A La Russa fa eco Alemanno sulle leggi razziali, ponendo un distinguo assurdo tra fascismo e razzismo, giustificando le "leggi razziali" perché non avevano, secondo il sindaco di Roma, finalità di cancellare dalla faccia della terra un'intera razza. Ancora una volta, sulla questione della storia si giocano le partite importanti del presente. Ciò vuol dire che le affermazioni del ministro della Difesa, con un passato da picchiatore sambabilino e continuo al terrorismo neofascista, non sono casuali e si collocano nel più ampio fenomeno del revisionismo storico. L'obbiettivo, ancora una volta, è quello di restituire un'agibilità politica al fascismo; sdoganando idee e metodi. Ma anche di rivendicare un presente, un'identità politica che non rinnega assolutamente il fascismo.

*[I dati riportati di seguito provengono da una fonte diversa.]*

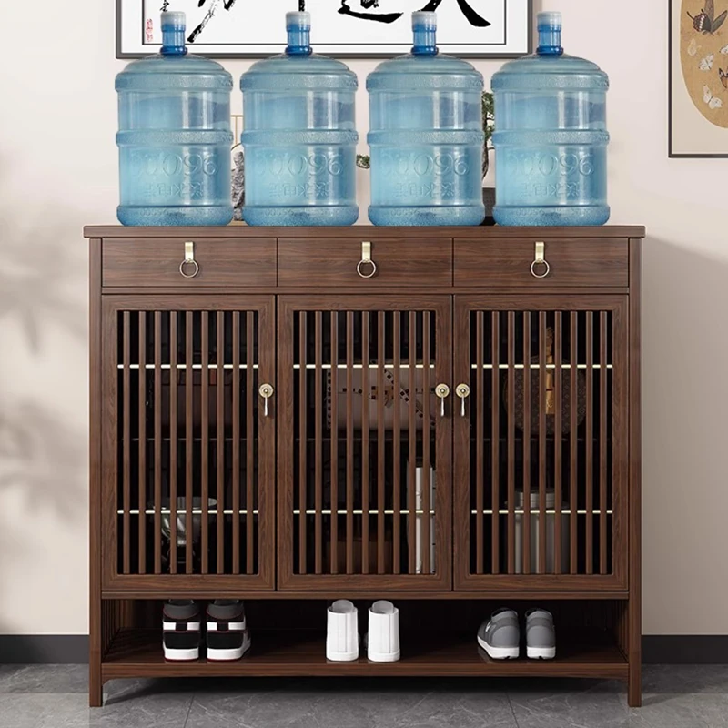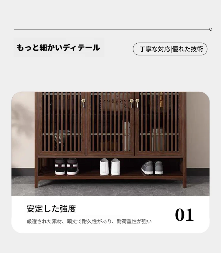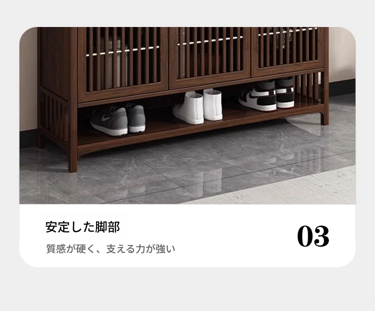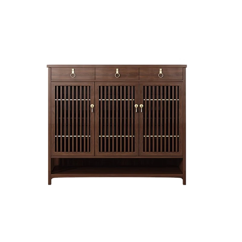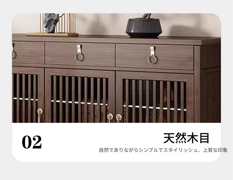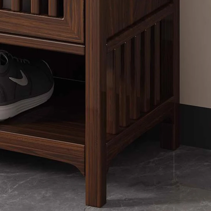 2025年新作!新中式スタイルの無垢材シューズキャビネット - モダンでシンプルなデザイン、リビングルームにぴったりの収納力を持つウォールナット製玄関収納。おしゃれで機能的な空間を演出します!

Seguendo questo ragionamento la storia diventa dunque un punto di vista, soggettivo, dove i massacratori e i massacrati si cambiano reciprocamente i ruoli, dove fucilazioni e violenze vengono giustificate per una fantomatica ricerca della "libertà", in una dinamica di totale apertura verso qualsiasi idea, qualsiasi posizione. Comprese quelle neofasciste e neonaziste. Non sono solo i Pansa di turno a richiedere l'equiparazione delle due posizioni - dei partigiani e dei repubblichini - ma anche ampi settori dell'ex centro-sinistra. Infatti è stato proprio Violante, già nel '96 - nel suo discorso di insediamento alla Presidenza della Camera - a chiedere di "capire i motivi per i quali migliaia di ragazzi e soprattutto di ragazze, quando tutto era perduto, si
schierarono
dalla parte di Salò". Atteggiamento che non ha fatto che
svilire, per l'ennesima volta, la Resistenza e i significati della
Liberazione.
Va invece detto che la storia è una. Non esistono ambivalenze e che le pacificazioni, provenienti da qualsiasi parte politica, non fanno che umiliare e dimenticare le vicende e le sofferenze di migliaia di persone che hanno pagato in prima persona l'orrore di Salò e del nazismo. Oltre che screditare gli ideali della Resistenza. Quest'ultima - ed in particolare quella comunista - non avrebbe avuto dubbio a confermare che nella nuova Italia, quella che sarebbe dovuta nascere dalla Liberazione, non ci sarebbe stato spazio per i repubblichini e, più in generale, per il fascismo. Essere continuatori della resistenza significa, in primis, condividere questa posizione e agire - sia sul terreno storico che nelle strade e nelle piazze - perché ogni apertura a destra, al neo-fascismo, venga comunque e sempre impedita.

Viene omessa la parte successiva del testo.